A number of previous posts have highlighted court decisions where prenups (or binding financial agreements) have been held to be invalid.
While the range of situations that might lead to this type of arrangement being declared are not enforceable, six of the main examples are set out below (next week’s post will list another seven):
- The relevant legislative provisions are not followed – the laws in relation to binding financial agreements are very particular. If each aspect is not followed, then there is a real risk that the document will not be binding.
- Failure to get independent advice – one of the key characteristics of the provisions is that each spouse must obtain independent legal advice. A failure to do so (or failure to receive specialist advice) can mean the agreement will be void.
- Unconscionable conduct – this normally arises where it can be shown that one spouse has taken advantage of the other, in circumstances where that other spouse was in a weak position.

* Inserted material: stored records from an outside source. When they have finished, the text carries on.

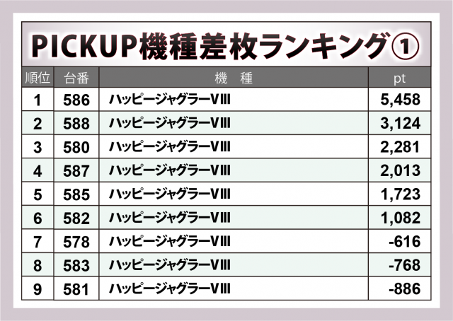 また『ハッピージャグラーVⅢ』は時差開放にもかかわらず、+5,500枚弱を筆頭に+3,100枚超が1台・+2,000枚超&+1,000枚超が2台ずつと、安定の中にも突出した数値が見受けられた。
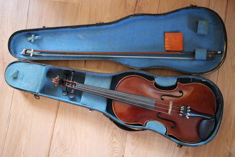 Staré pěkné housle značené vevnitř Antonius Stradivarius Cremonensis - Faciebat anno 1721, od Josefa Lídla z První české továrny hudebních nástrojů na Moravě (Brno, Zelný trh), původní stav s jednou prasklinou včetně značeného smyčce, krásně žíhané, uloženy v původním kufříku. Vše viz foto.
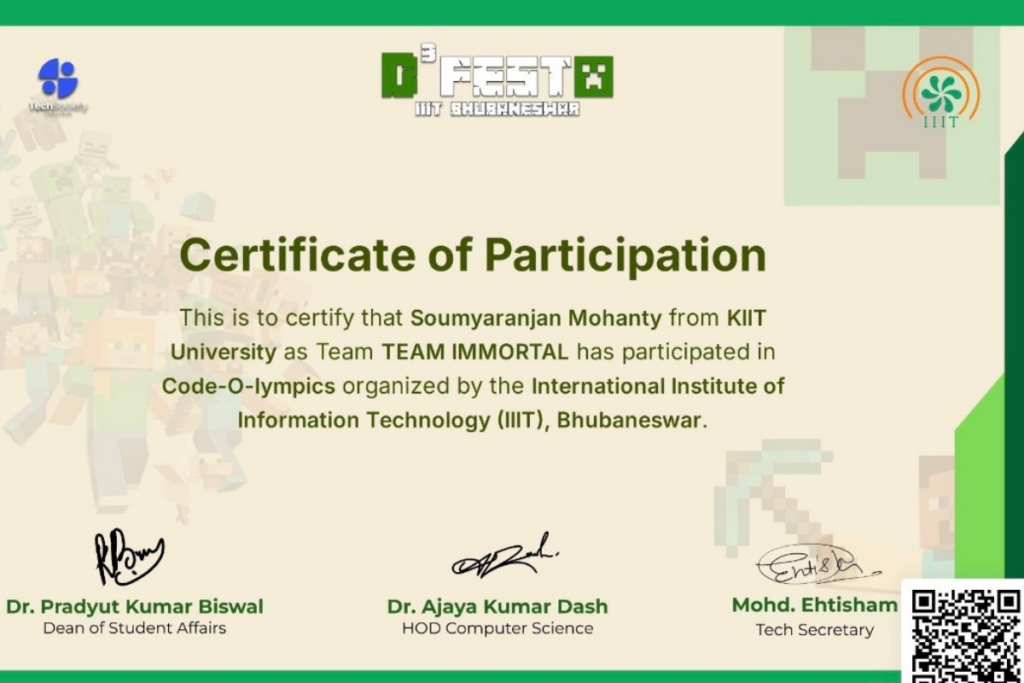 Harshit Kumar Singh secured 1st position in the “Decode and Dominate” competition at KIIT Fest 8.0, organized by KIIT Deemed to be University, Bhubaneswar, held from 14–16 February 2025.
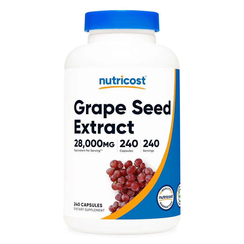 Nutricost Grape Seed Extract contains 28,000mg equivalent of grape seed extract (from 400mg of Grape Seed 70:1 extract) in each serving. Each bottle contains 240 servings, so 1 bottle can last up to 8 months if taken according to recommended dosage. This supplement is gluten free, non-GMO, and vegetarian friendly. All Nutricost products are manufactured in GMP complaint, FDA registered facilities and each batch of every product is tested by independent, ISO-accredited laboratories to insure safety and quality.
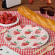 Placas de papel de la fresa con las servilletas de papel a juego.  Vea más mezcla y haga juego los productos en la colección de las fresas en https://www.zazzle.com/collections/strawberries_collection-119030629393964165
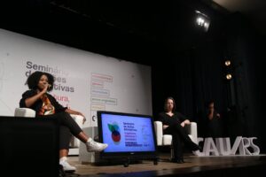 Durante a explanação referente à fala da Regina Cohen, Flávia e Lelei pontuaram a mudança no termo mais adequado para se referir às pessoas com deficiência. No passado, utilizava-se o termo “portadores”, até que se percebeu que portar refere-se a objetos e que a deficiência deve ser entendida como parte de alguém.
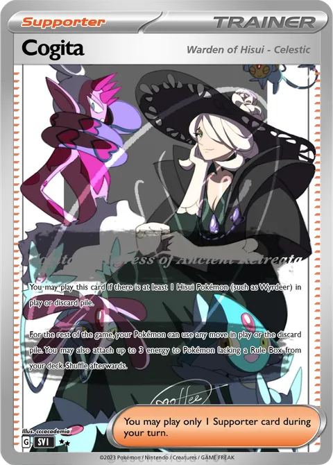 You may play this card if there is at least 1 Hisui Pokémon (such as Wyrdeer) in play or discard pile. For the rest of the game, your Pokémon can use any move in play or the discard pile. You may also attach up to 3 energy to Pokémon lacking a Rule Box from your deck. Shuffle afterwards.
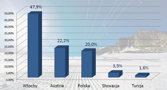 Na pierwszym miejscu w rankingu ulubionych kierunków narciarskich pozostawały Włochy (47,9 procent wszystkich sprzedanych imprez narciarskich), choć w porównaniu z poprzednią zimą ich udział w rynku zmniejszył się 6,5 punktu procentowego. Zyskała natomiast druga pod tym względem Austria – 22,2 procent, wzrost o 8,4 punktu procentowego. Trzecie miejsce w rankingu zajęła Polska z udziałem 20-procentowym. Wyprzedziła czwartą Słowację, którą wybrało na zorganizowany wyjazd 3,5 procent (rok wcześniej 2,5 procent) klientów biur podróży jadących na stoki.
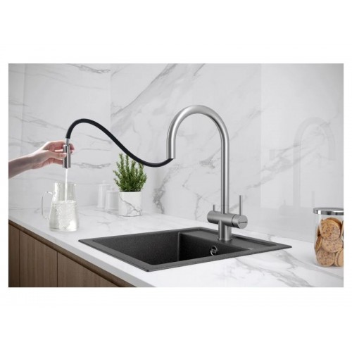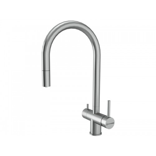 Смеситель KÜCHENSTERN DRIM-FS объединяет сразу две функции - питьевая и обычная вода из одного смесителя. Смесителем удобно пользоваться , так как он имеет два отдельных рычага управления для водопроводной и фильтрованной воды.
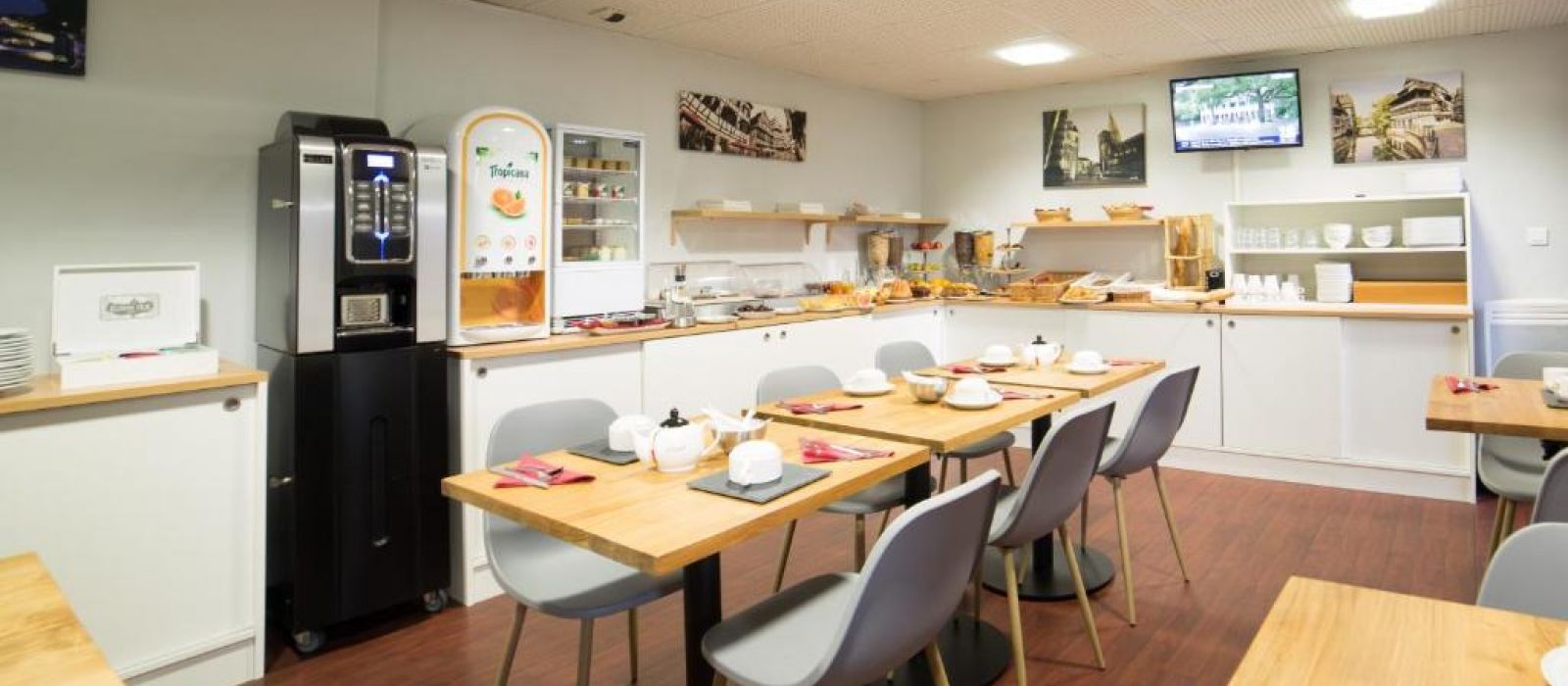 Le Cerise Strasbourg propose un petit-déjeuner buffet quotidien, un service de blanchisserie, un local à vélos et un parking surveillé situé sur place. Vous pourrez prendre vos repas dans l’un des restaurants partenaires de l’établissement, réserver un panier-repas sur place ou vous faire livrer pour manger dans le confort de votre chambre.
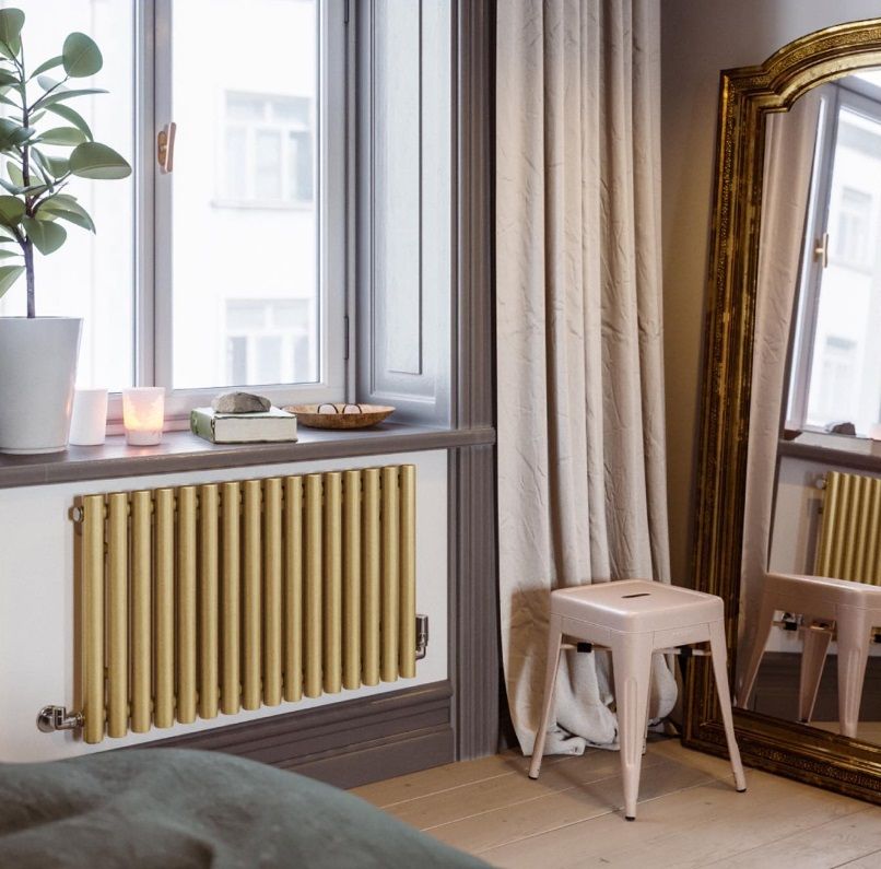 - horizontálny radiátor vytvorený radom vertikálnych kruhových rúrok s priemerom Ø40 mm na kolektoroch s priemerom Ø32 mm
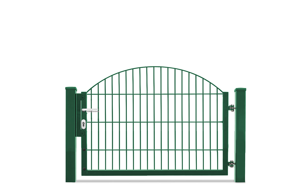 Choose your new decorative fence gate either hot-dip galvanized, moss green powder-coated, or dark grey powder-coated. Custom colours and effect coatings are available upon request.
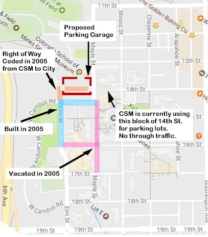 They will also be considering a request by the Colorado School of Mines to vacate a city right of way, in order to allow them to construct a parking garage. Over the past several years, the City has allowed the School to close several streets through the campus, including parts of 16th, 18th, and Maple Streets. When the city allowed the School to close 16th Street, they did so in exchange for a right of way to extend 14th Street to the west. This piece of 14th Street hasn’t been built to date, and the school now wants the right of way back, in order to build the parking garage.
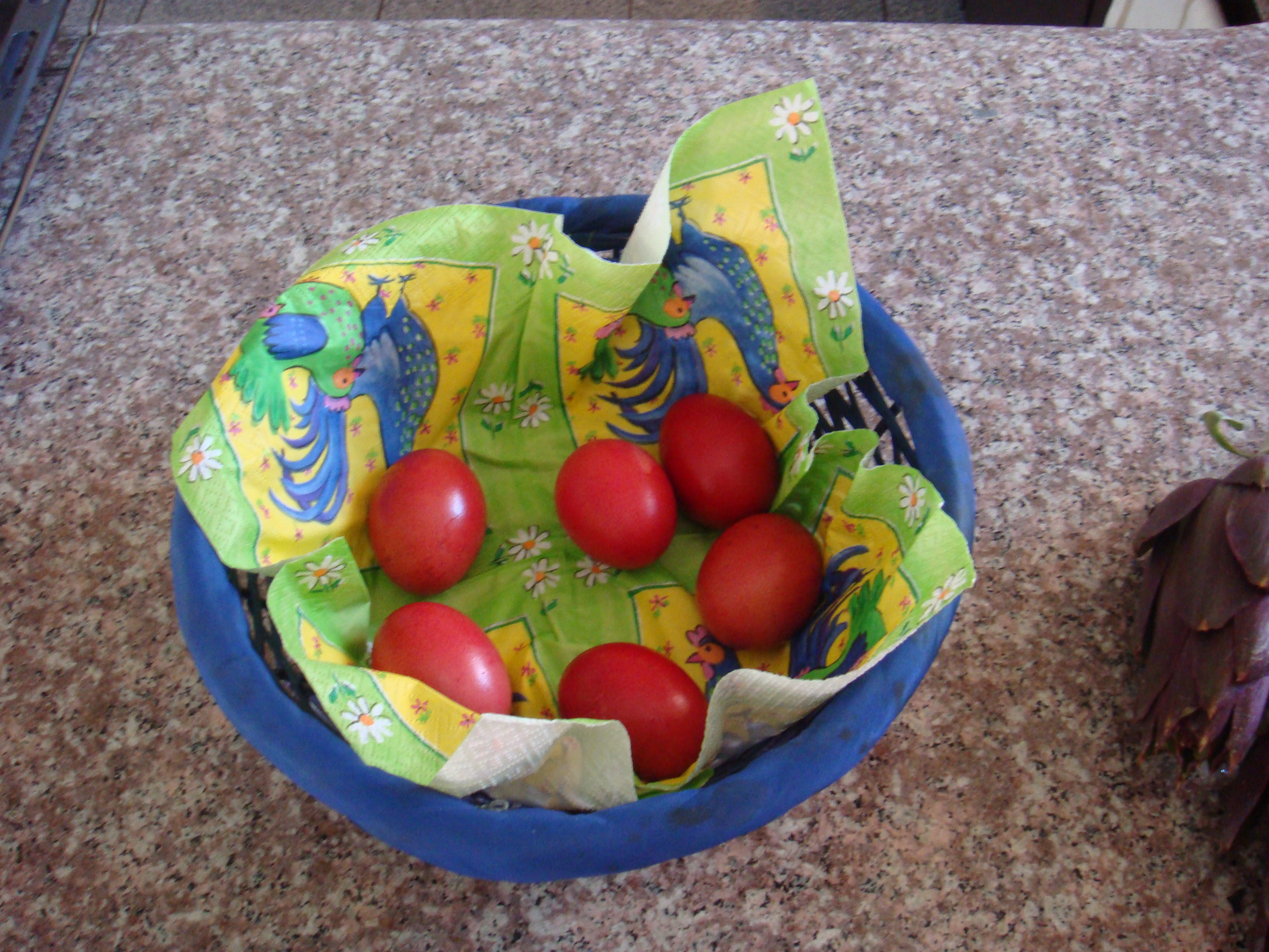 Pasen was relatief rustig, omdat we dit jaar geen geit/lam op het spit hadden. Doordat het zo vroeg viel, hebben we niemand uitgenodigd. Uiteindelijk hebben we bij Kyria Martina gegeten. Zij heeft gekookt, want we hebben tegen haar gezegd dat wij niets doen. Wel hebben we paaskoekjes gebakken en eieren geverfd, dat is nu eenmaal traditie.
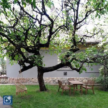 Nyugodt barátságos környezet, gyümölcsfák szőlőlugas, virágoskert.
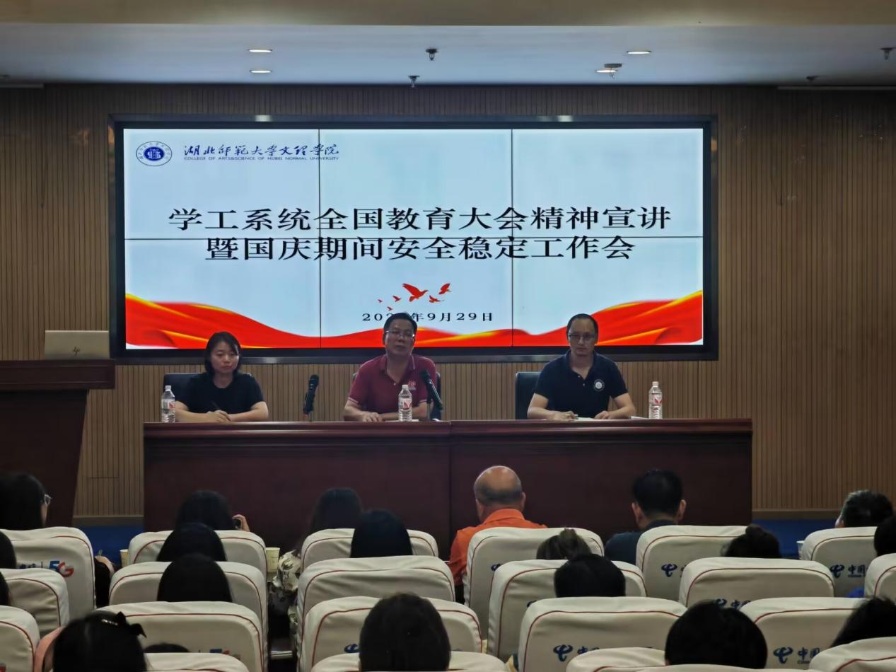 9月29日下午两点半,米乐官方网页版_米乐(中国)在图书馆报告厅召开全国教育大会精神宣讲暨国庆期间安全稳定工作会议。校党委副书记杨之毛、学工部部长汪崇文、心理中心主任陈庆、各教学单位分管学生工作书记(副书记)以及全体辅导员老师参加。会议由学工部部长汪崇文主持。
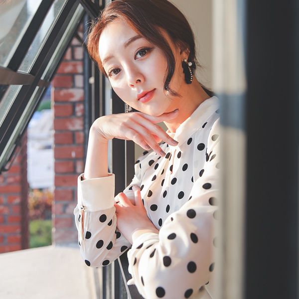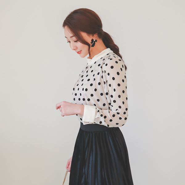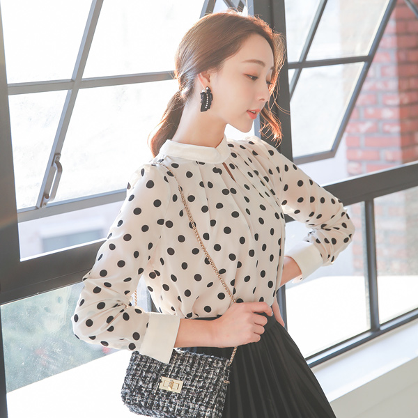 丝绒圆点图案女女衬衫
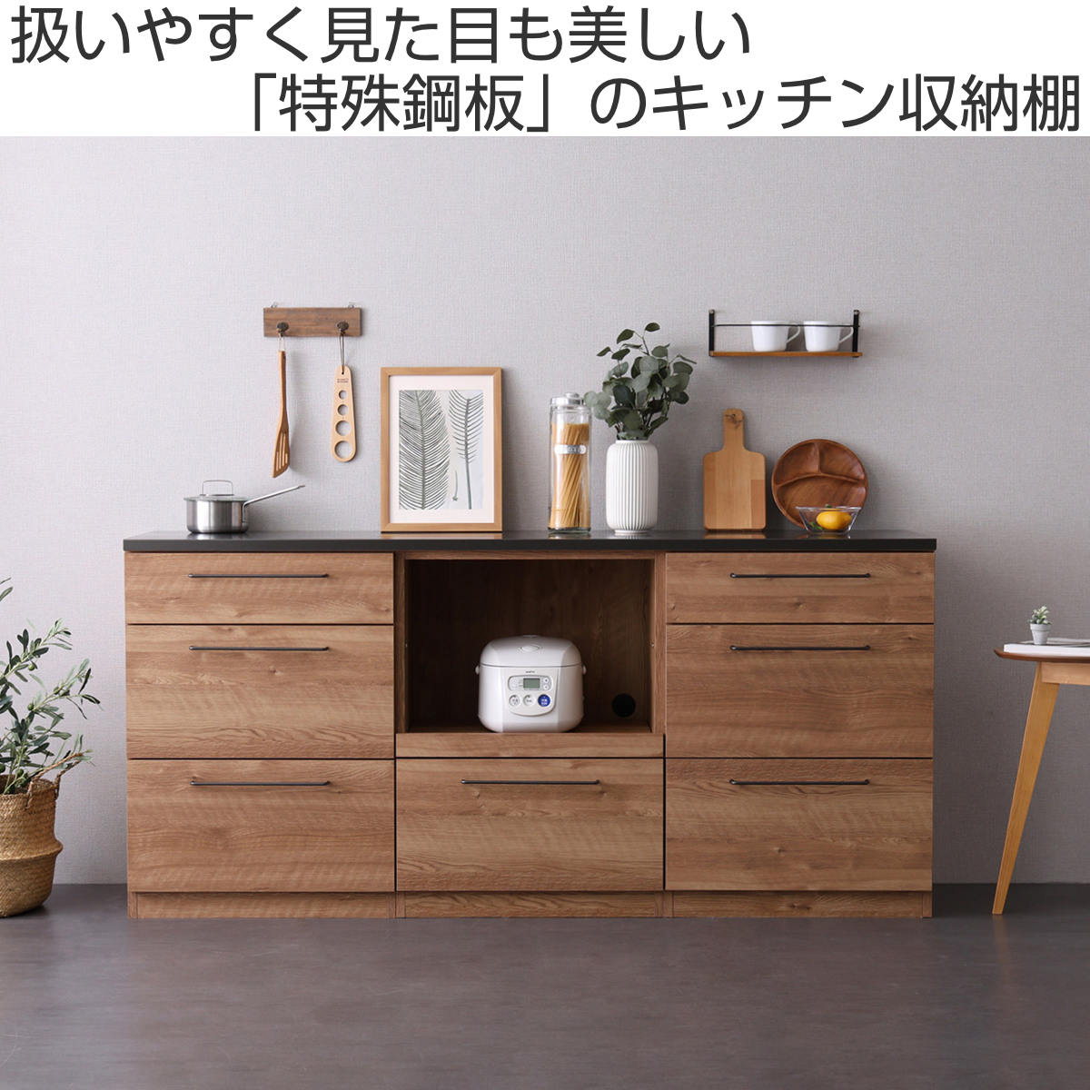 キッチンカウンター 幅180cm 3点セット レンジ台 チェスト 日本製 完成品 特殊鋼板 スライド棚 キッチン収納
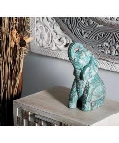 Grayson Lane 13-in x 7-in Vintage Sculpture Green Paper Mache Elephant
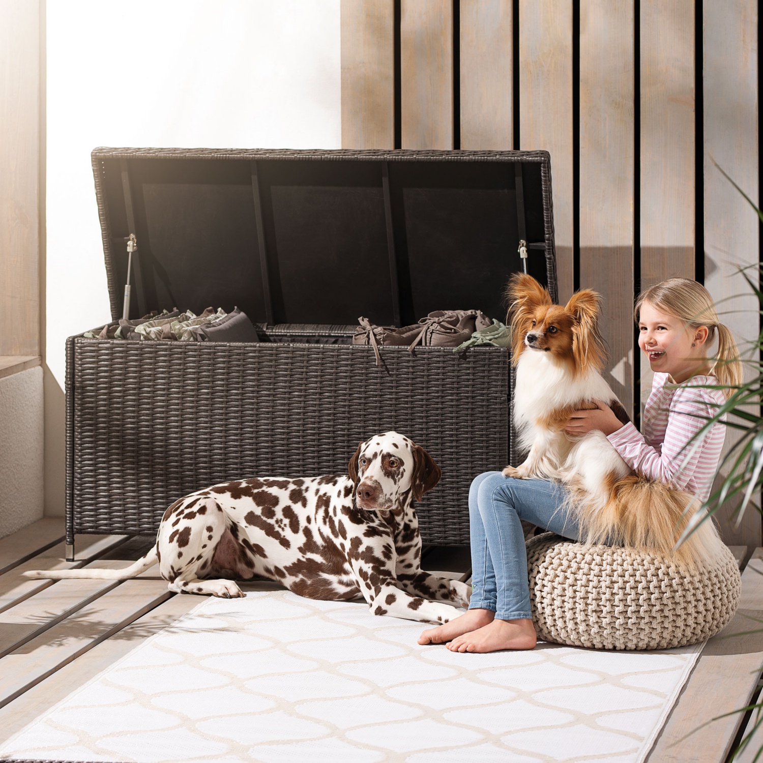 • Bespannung aus UV-stabilem und wasserbeständigem Kunststoffgeflecht
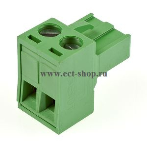 шаг: 5.00мм, пров: 2.50мм.кв, 300V, 15A, 2 конт., разъемная розетка кабельная угловая со смещением, h = 15.00мм, цвет: зеленый
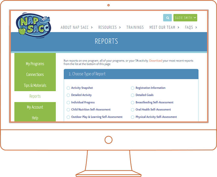 The Go NAPSACC reporting tool helps TA consultants and state partners track and report on the progress of participating programs. With just a few clicks, the tool creates customized reports showing how local child care programs’ practices compare to Go NAPSACC best practice standards and improvements made over time.

- Abandonment or revocation by conduct – over time, the parties may start to consider themselves not to be bound by the arrangement, and even enter into inconsistent arrangements. If this occurs, then the original agreement is likely to be ignored.
- Undue influence – this can arise in a range of circumstances and does not necessarily require that a spouse be completely overborne.
- Duress – if one spouse can demonstrate that they effectively felt that they had no alternative but to sign the document, then a case of duress can be substantiated.
** For the trainspotters, the title of today's post is riffed from the Prince song 'Illusion, Coma, Pimp & Circumstance'.